Exercise prompt: Word for word, quote the lines from the one containing "Уют и стиль" to the end of the entries below, including both. Leave pictures out.

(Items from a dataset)
------------

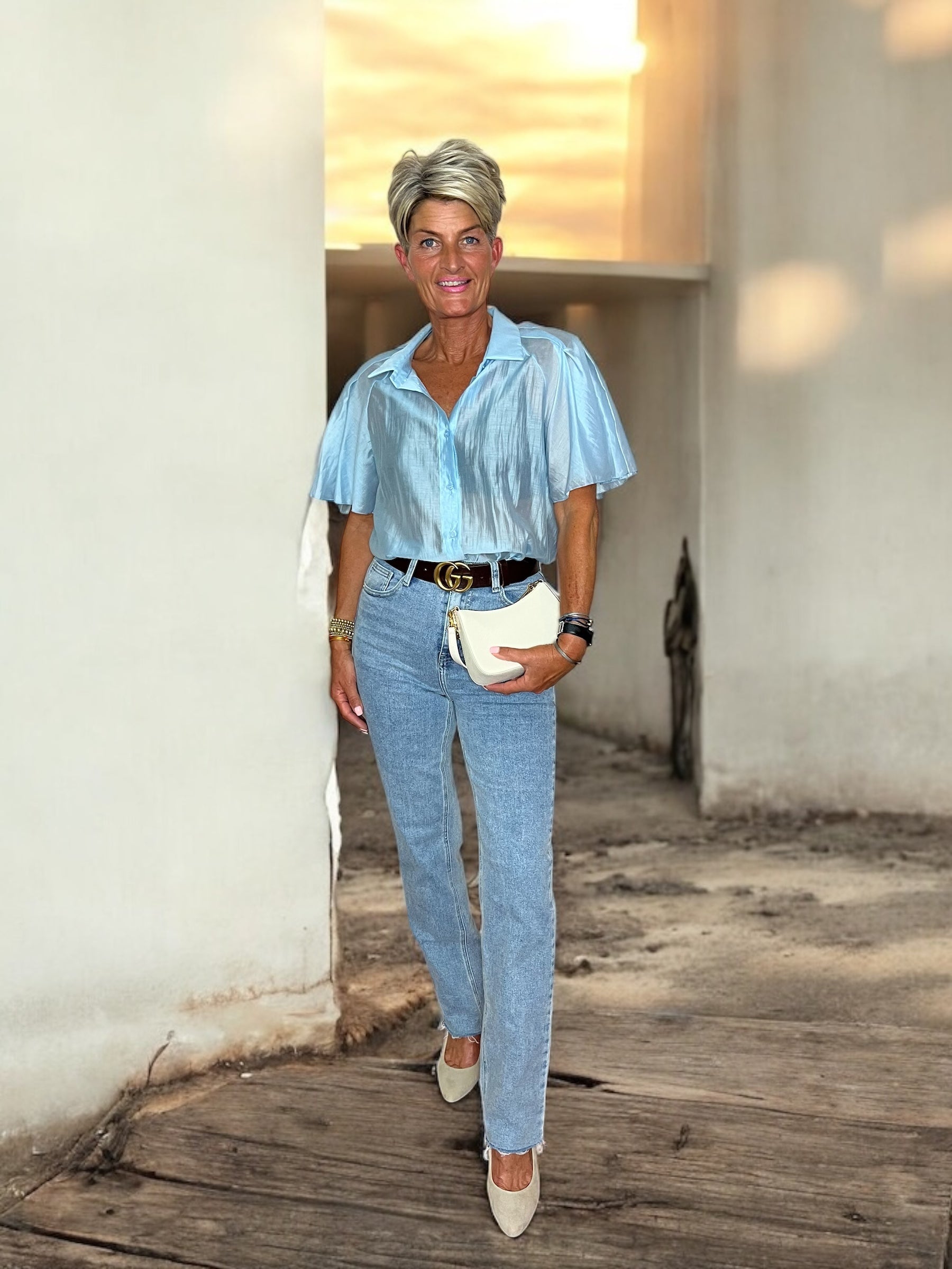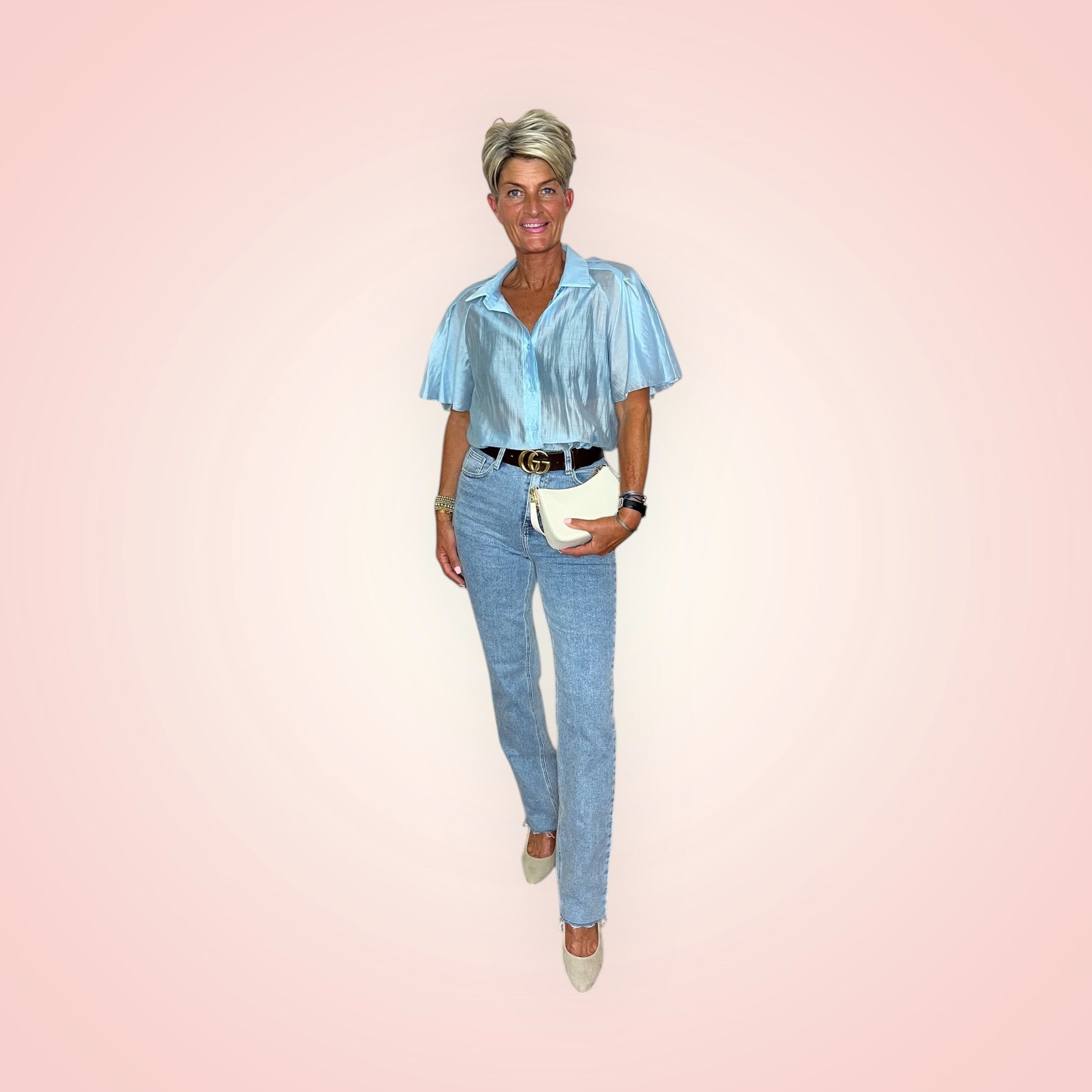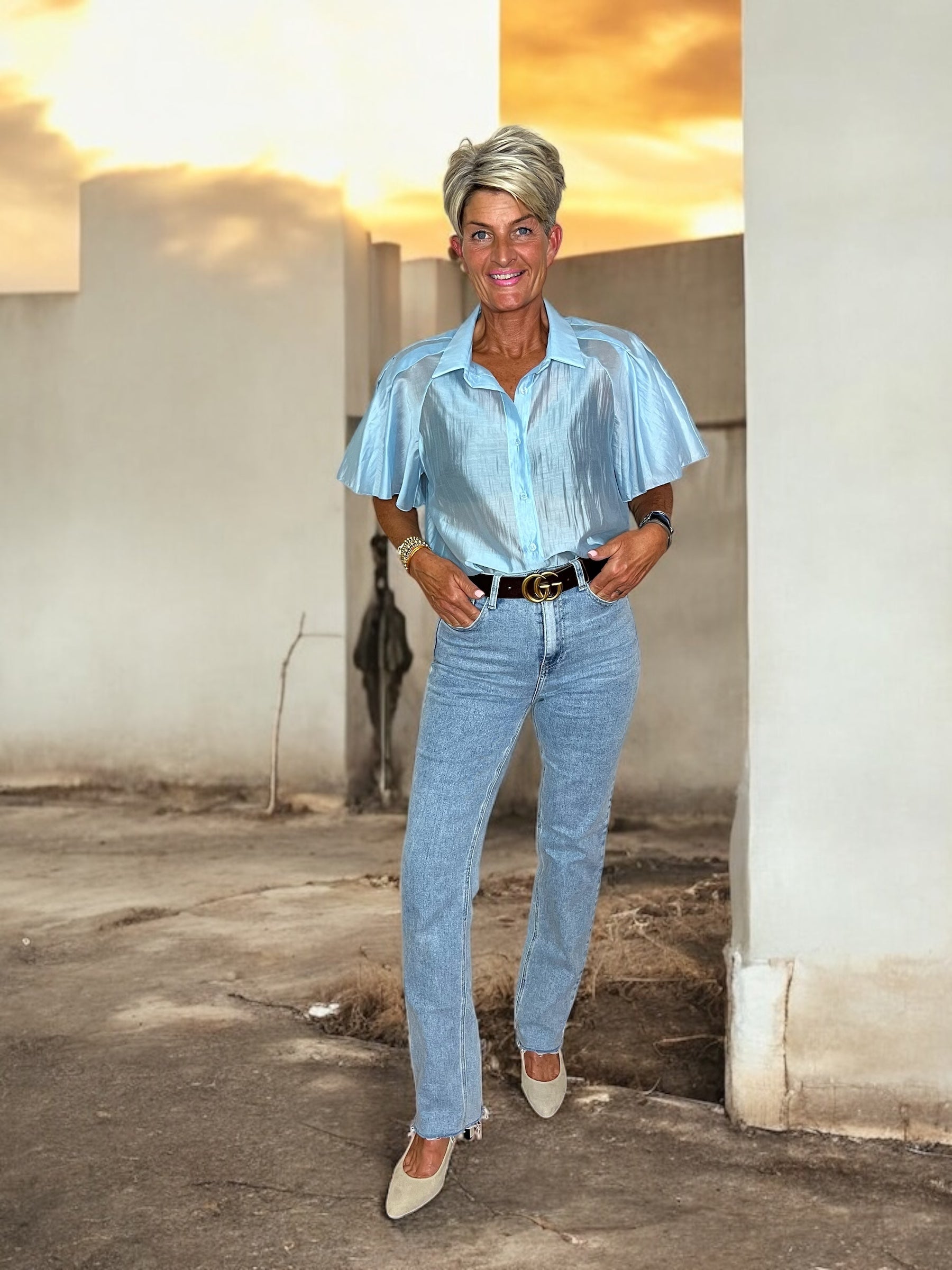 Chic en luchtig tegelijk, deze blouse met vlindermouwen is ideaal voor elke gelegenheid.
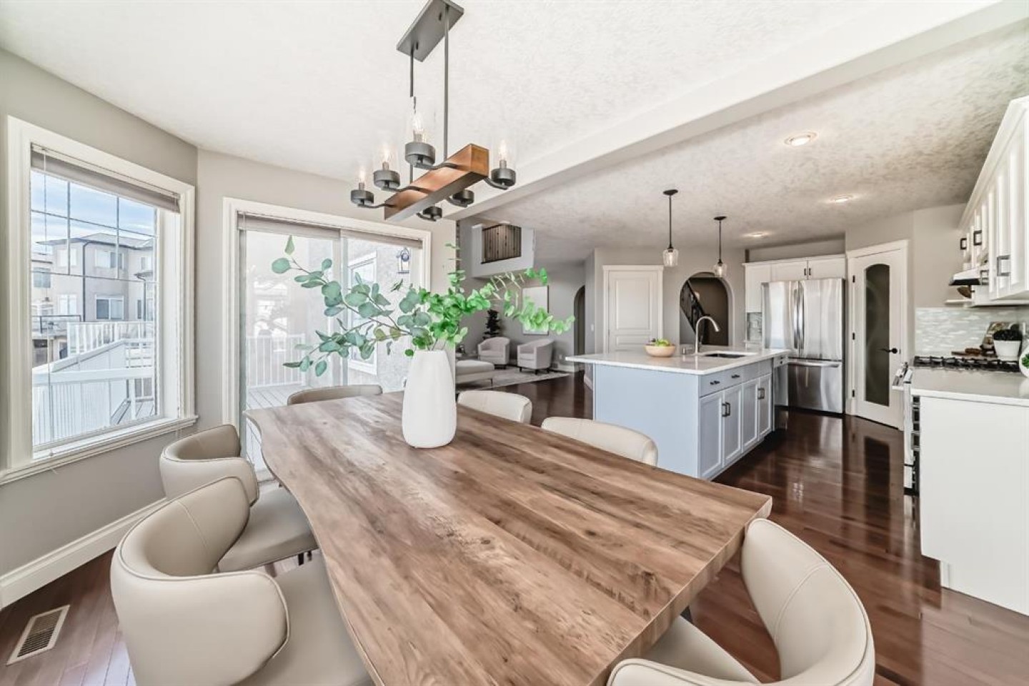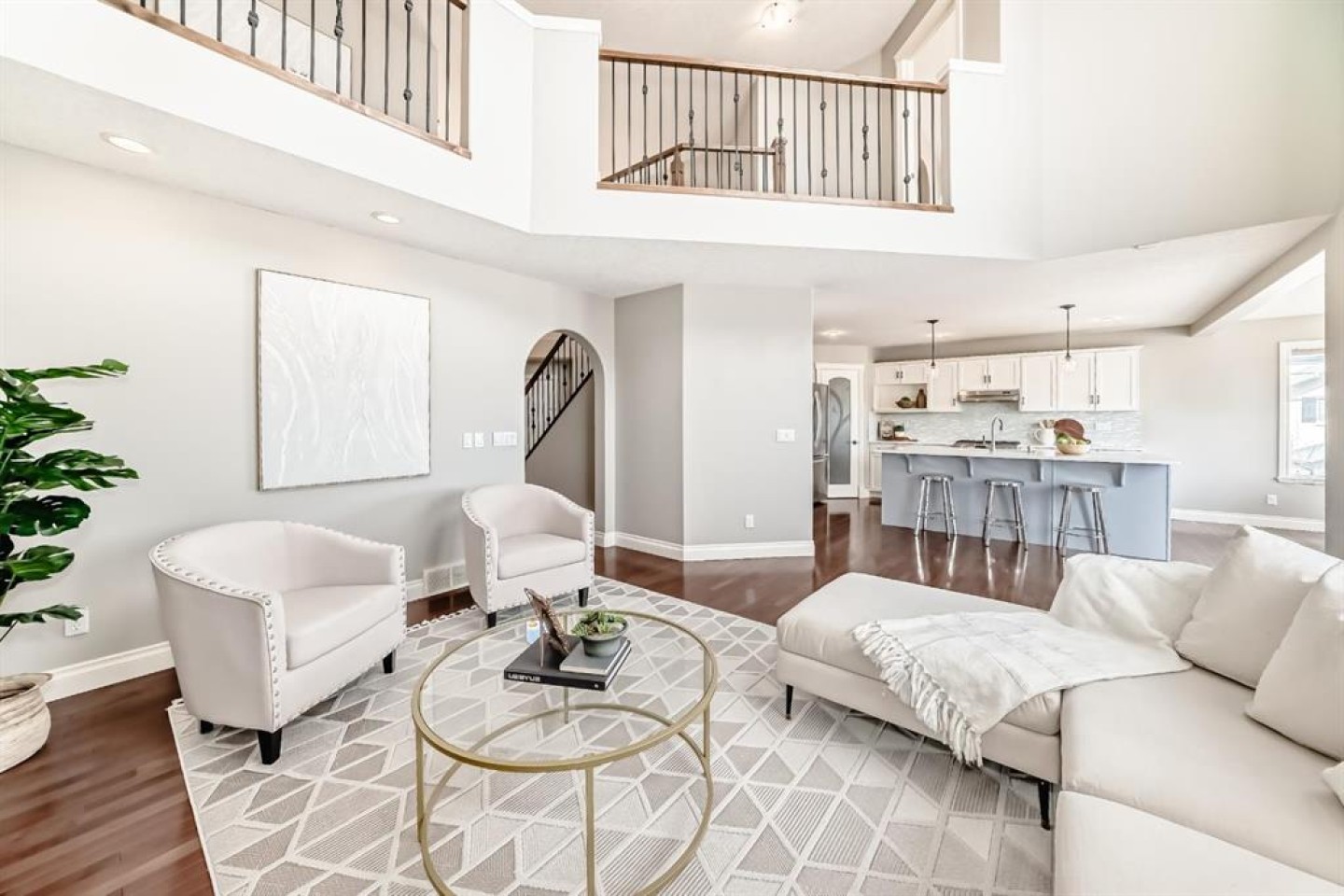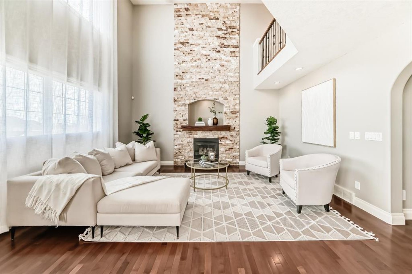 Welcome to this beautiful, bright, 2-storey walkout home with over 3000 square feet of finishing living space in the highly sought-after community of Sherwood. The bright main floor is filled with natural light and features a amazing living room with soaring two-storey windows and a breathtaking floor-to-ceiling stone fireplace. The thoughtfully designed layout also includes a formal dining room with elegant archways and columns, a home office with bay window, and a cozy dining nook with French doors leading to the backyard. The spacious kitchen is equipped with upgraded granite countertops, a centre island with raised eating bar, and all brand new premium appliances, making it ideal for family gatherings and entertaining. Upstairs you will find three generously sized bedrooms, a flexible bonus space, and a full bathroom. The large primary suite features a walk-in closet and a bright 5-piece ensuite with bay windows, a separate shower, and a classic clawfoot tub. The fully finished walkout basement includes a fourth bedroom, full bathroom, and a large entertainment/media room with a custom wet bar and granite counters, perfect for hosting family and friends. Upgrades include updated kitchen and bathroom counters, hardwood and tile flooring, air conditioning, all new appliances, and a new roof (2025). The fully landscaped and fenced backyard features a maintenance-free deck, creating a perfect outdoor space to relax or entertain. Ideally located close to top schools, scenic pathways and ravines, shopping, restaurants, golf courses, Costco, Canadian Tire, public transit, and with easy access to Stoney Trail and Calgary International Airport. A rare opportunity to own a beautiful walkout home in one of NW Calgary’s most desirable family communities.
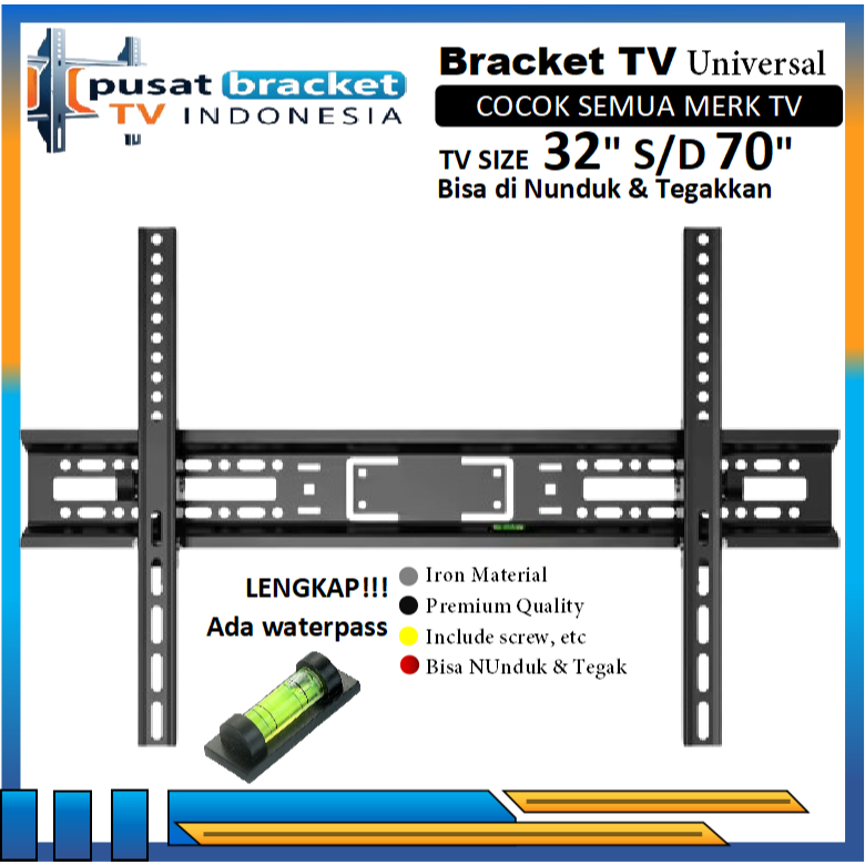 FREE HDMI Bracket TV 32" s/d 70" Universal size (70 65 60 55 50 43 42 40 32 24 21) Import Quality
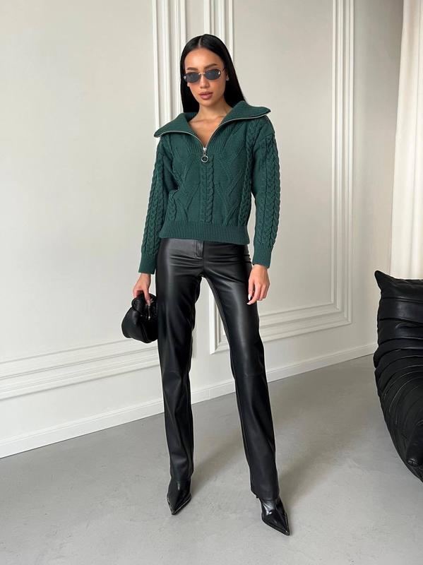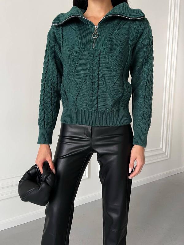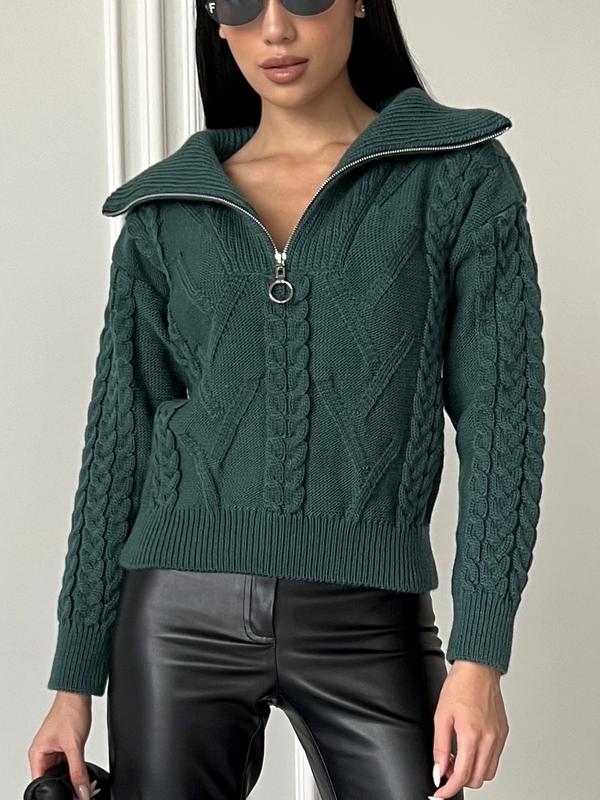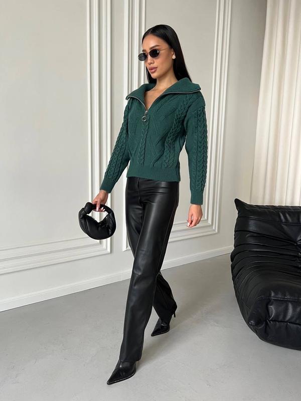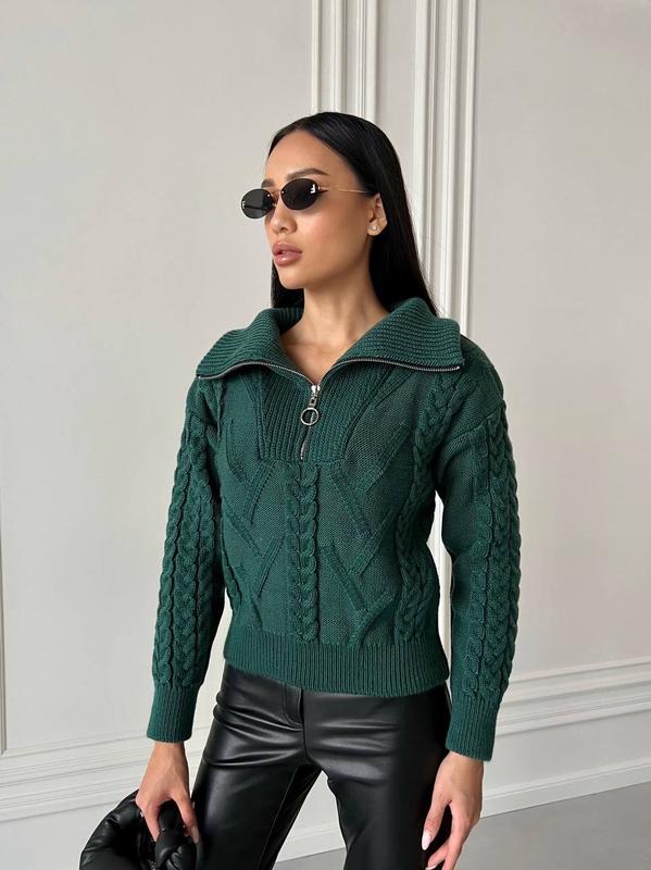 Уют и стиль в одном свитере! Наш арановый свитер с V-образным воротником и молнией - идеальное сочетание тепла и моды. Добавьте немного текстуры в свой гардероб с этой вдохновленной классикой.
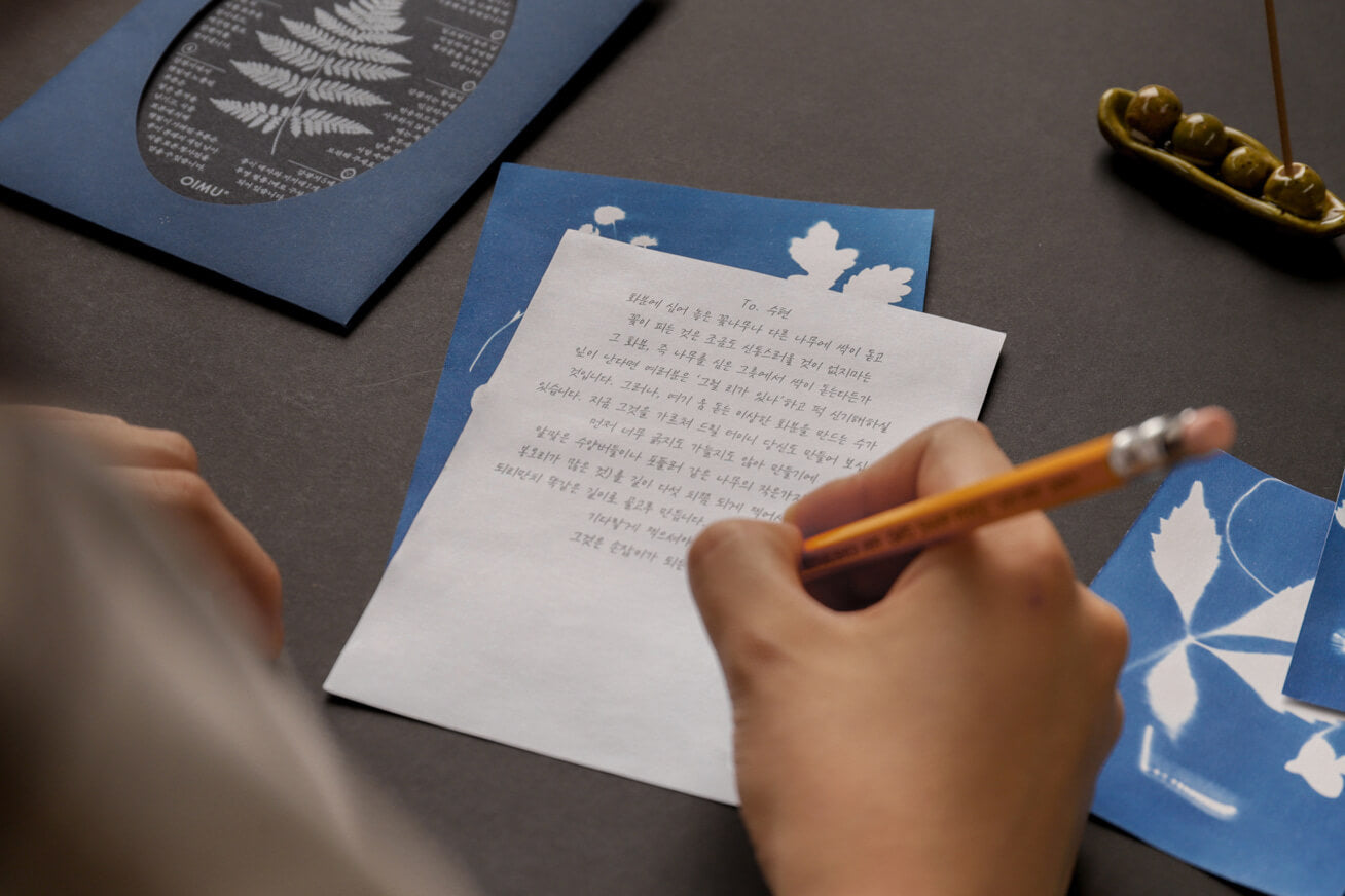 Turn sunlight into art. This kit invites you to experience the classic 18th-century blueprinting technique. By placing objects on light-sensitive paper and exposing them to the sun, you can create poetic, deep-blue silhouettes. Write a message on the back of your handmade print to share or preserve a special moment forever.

------------

Result of this task:
 Уют и стиль в одном свитере! Наш арановый свитер с V-образным воротником и молнией - идеальное сочетание тепла и моды. Добавьте немного текстуры в свой гардероб с этой вдохновленной классикой.
 Turn sunlight into art. This kit invites you to experience the classic 18th-century blueprinting technique. By placing objects on light-sensitive paper and exposing them to the sun, you can create poetic, deep-blue silhouettes. Write a message on the back of your handmade print to share or preserve a special moment forever.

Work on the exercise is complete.